# Reshaping data

Data comes in all shapes and sizes. Often, the way our data is structured is not conducive for various types of analysis and visualization.

Say that we have a basic data set such as below, showing the the salary each person earned in the last few years.

## Wide data

In [None]:
salaries = [
    {'name': 'Sally',  '2022': 70_000, '2023': 75_000},
    {'name': 'Eloise', '2022': 60_000, '2023': 80_000},
    {'name': 'Ayla',   '2022': 80_000, '2023': 83_000},
]

In [None]:
import pandas as pd

In [None]:
df = pd.DataFrame(salaries)
df

The above data is often referred to as "wide".

Why do we call it wide? Well, we've kept this example simple but it's easy to imagine a real-world data set that has many more columns for prior years, for example going all the way back to 2010 or 2000. You may end up with dozens (or even hundreds of columns) depending on the data set.

This structure of data can be very useful for certain types of calculations.

Can you think of any calculations that you could perform on the data in its current form?

One interesting analysis might involve calculating how big a raise each person received -- both in absolute dollars and as a percentage relative to their original salary. You could then determine who got the biggest pay bump in total dollars and as a percentage of their original salary.

Let's do those calculations.

We'll start by calculating the total dollar amount of each person's raise.

In [None]:
df['raise'] = df['2023'] - df['2022']
df

Next, we'll figure out the percent increase in salary for each person.

> Remember the formula for percent chnage `New-Old / Old`

We've already calculated and stored `New - Old` in our `raise` column, so we just need to do the division step and multiply by 100.

In [None]:
df['pct_raise'] = df['raise'] / df['2022'] * 100
df

And we could sort the data to see who received the biggest pay bump as a percentage of salary.

In [None]:
df.sort_values('pct_raise', ascending=False)

## Long Data

Wide data, as seen above, can be quite useful. But what if we wanted to figure out the total of salaries year-by-year?

This type of calculation is a natural fit for the `pandas.DataFrame.groupby` method.

Alas, our wide data structure is not optimal for the `groupby` operation.

Instead, a "long" data set such as below would simplify things. 

Below, notice how the columns for each year in the "wide" data set have been transformed into values for a new `year` column.

The table is literally longer (and less wide), hence the name "long" data.

In [None]:
from IPython.display import HTML, display

html = [
'<table><tr><td>name</td><td>year</td><td>salary</td></tr>'
]
for row in salaries:
    for year in ['2022', '2023']:
        tr = f"<tr><td>{row['name']}</td><td>{year}</td><td>{row[year]}</td></tr>"
        html.append(tr)
html.append('</table>')
display(HTML(''.join(html)))

### Melting data

To reshape data from wide to long, we can use a DataFrame's `melt` method.
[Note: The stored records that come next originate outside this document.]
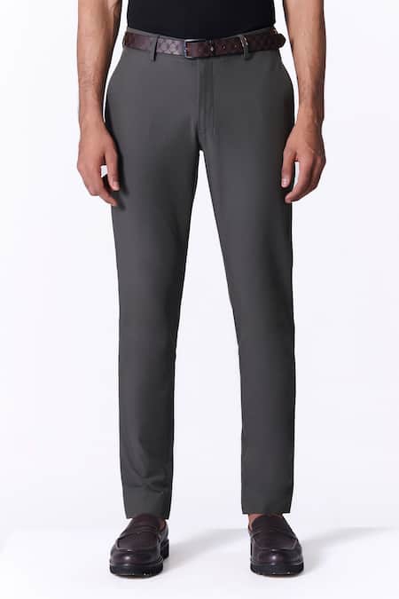 Gray Spandex Embroidery Olive Slim Fit Trouser
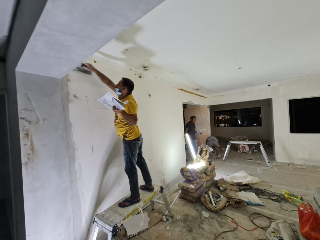 Plastering is also often combined with other renovation works such as false ceiling installation, painting, crack repair, and wall plastering.
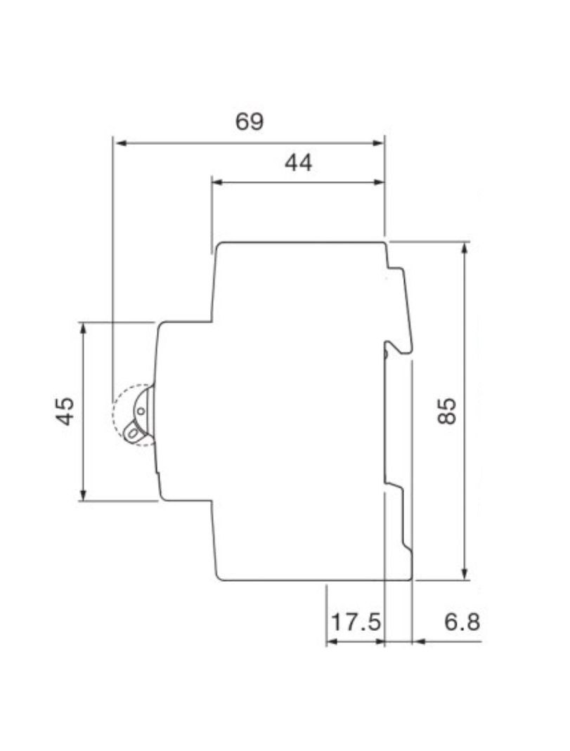 - Монтаж: на стандартну DIN-рейку (ширина 3 модулі — 52.5 мм).

It can be a bit tricky to use, so here's an annotated snippet.

In [None]:
long_data = df.melt(
    id_vars=['name'], # Column(s) to use an identifier variable
    var_name='year', # The name of the new column, or variable, we're generating
    value_vars=['2022', '2023'] # The columns we'll use to populate the values for the new "year" column
).rename({'value': 'salary'}, axis=1) # we'll rename the resulting "value" column for clarity 

long_data

Ok, now we're ready to group our data by year to figure out which year had the highest salary figure.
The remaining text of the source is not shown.